On the Data Source Details page:
1. Enter a name for this data source that is unique within your tenant.
2. Optionally, add a brief description to clarify its purpose.
3. Enable the Data Reliability toggle and select your data plane from the drop-down list.
Select Next to proceed.

Step 2: Add Connection Details

Enter your AWS S3 connection information. Required fields vary depending on the selected Authentication Type.

Common Fields (Displayed for All Authentication Types)

Field	Description
AWS Region	The AWS region where your S3 bucket is hosted (e.g., us-east-2, eu-west-1). For more information, refer to AWS's Region and Zones document.
AWS S3 Authentication Type	Select the method of authentication used to access your AWS S3 bucket. Options include Access Key/Secret Key, EC2 Instance Profile, and (if applicable) IAM Roles for Service Accounts (IRSA) in Kubernetes.
Bucket Name	Name of the S3 bucket you want to monitor. Multiple buckets can be added.
File Monitoring Channel Type	(Optional) Choose SQS to receive file change notifications from S3 via Amazon SQS (Simple Queue Service) else select NONE.
SQS Queue URL	Required if File Monitoring Channel Type is set to SQS.

Authentication Types

Authentication Type	Description
AWS Access Key / Secret Key	Provide an AWS Access Key ID and Secret Access Key with sufficient permissions (e.g., `s3:ListBucket`, `s3:GetObject`). If Use Secrets Manager is enabled, select the Secrets Manager and specify the key name that contains the secret.For more details on how to view AWS access key and Secret key, refer to this AWS document.
AWS EC2 Instance Profile	Uses the IAM role attached to the EC2 instance where the ADOC Data Plane is running. No credentials need to be entered manually. Ensure the IAM role has the necessary S3 and SQS permissions.
AWS IAM Roles For Service Accounts	Uses IAM Roles for Service Accounts (IRSA), recommended for Kubernetes environments. The Kubernetes service account used by the ADOC Data Plane must be annotated with the appropriate IAM role. This allows the workload to assume the IAM role automatically, with no need to manually enter credentials. No authentication fields appear in the UI, but this method must be pre-configured in your Kubernetes environment. For more information, refer the additional reference section below on IRSA Based Authentication.

Select Test Connection.
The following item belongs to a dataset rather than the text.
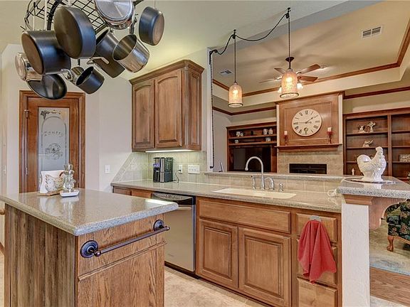This amazing and unique home sitting on over half an acre is stunning! The property boasts a perfect workshop/outbuilding with a fully functioning bar, wine cellar, and 3-tiered beer manufacturing system with built-in water supply, propane burners, and hoist lift. It also includes a kitchen with dishwasher and half bath. The backyard also provides a greenhouse with heat and electric. Inside the home, you'll find an amazing Florida room/screened in porch with built in shelving and ceiling fans looking over the backyard. An amazing living room showcases tons of built in bookshelves and custom woodwork flanking the fireplace, tray ceiling, and built in speakers. Other features of this home include: water softener, rain barrel, storm shelter, and tiled garage with built in workbench.
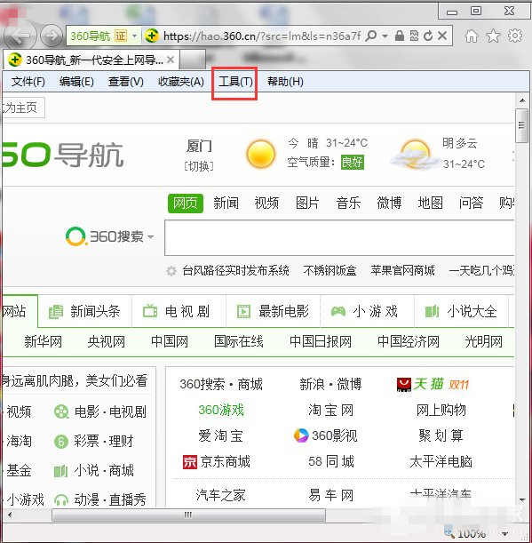 1。打开浏览器,然后单击命令栏中的工具下拉列表:

If successful, you’ll see “Connected.” If the test fails, troubleshoot credentials, region, network issues, and ensure that the ADOC Data Plane service (ad-analysis-standalone) is running.
Select Next to proceed.

Step 3: Setup Observability

Configure how ADOC will monitor your S3 bucket:

Asset Name: Enter a logical name or label.
Path Expression: Enter the complete path expression using the syntax s3://bucket name/file. For example, s3://acceldatabucket/observability.csv
File Type: Select a file type and provide file-type specific parameters. ADOC supports the following file types: .bz2, .deflate, .gz, .z4, .snappy, JSON, CSV, ORC, PARQUET. ADOC also supports profiling of zipped and KMS encrypted files. For details, refer to the below table.

File Type	Parameter	Description
CSV	Delimiter	The character that separates fields in a CSV file. Common delimiters include commas (,), tabs (\t), or semicolons (;).
ORC		No additional parameters are required for ORC files.
PARQUET	File Processing Strategy	Options include: Evolving Schema (no additional parameters required), Random Files, or Date Partitioned.
	Base Path (Random Files)	The root directory or location in the storage system where the Parquet files are stored. This is used to locate the data for random file processing.
	Base Path (Date Partitioned)	The root directory or location where the date-partitioned Parquet files are stored.
	Pattern (Date Partitioned)	A file pattern that includes a date (e.g., "file-<yyyy-MM-dd>.parquet") to identify the specific files for processing.
	LookBack Days (Date Partitioned)	The number of days to look back when crawling and processing date-partitioned Parquet files.
	TimeZone (Date Partitioned)	The time zone in which the partitioned data is recorded.
JSON	Flattening Level	Defines how deeply nested JSON structures will be flattened. Nested JSON fields will be expanded based on the level specified.
	MultiLine JSON	When enabled, this toggle allows for the processing of JSON data that spans multiple lines.
AVRO	Schema Store Type	Specifies where the AVRO schema is stored. Options could include local files, a schema registry, or other storage systems.
Delta		No additional parameters are required for Delta files.

Important

The asset path expression must be a full path address. Use the syntax s3://<bucket name>/<file_name>. For example, s3://acceldatabucket/observability.csv.
To include multiple files in an asset, use wildcards:
- All files in a bucket: s3://<bucket-name>
- All files of a specific type: s3://<bucket-name>/*.<extension> . Examples: s3://acceldatabucket/*.csv , s3://acceldatabucket/*.json
Schema Requirements: When profiling S3 data sources, ensure that all files included in an asset share the same schema. Files with different schemas must be placed in separate folders or configured as separate assets.
- Files in the same folder with identical schemas are profiled together.
- Files with differing schemas in the same folder may cause some rows to be skipped during profiling. This is expected behavior.
- If your data evolves gradually (for example, columns are added or removed), enable the Evolving Schema option to support schema changes.
- Files with entirely different schemas cannot be combined into a single asset, even when Evolving Schema is enabled.
- When using wildcards in path expressions, ensure that all matched files have the same schema and file type.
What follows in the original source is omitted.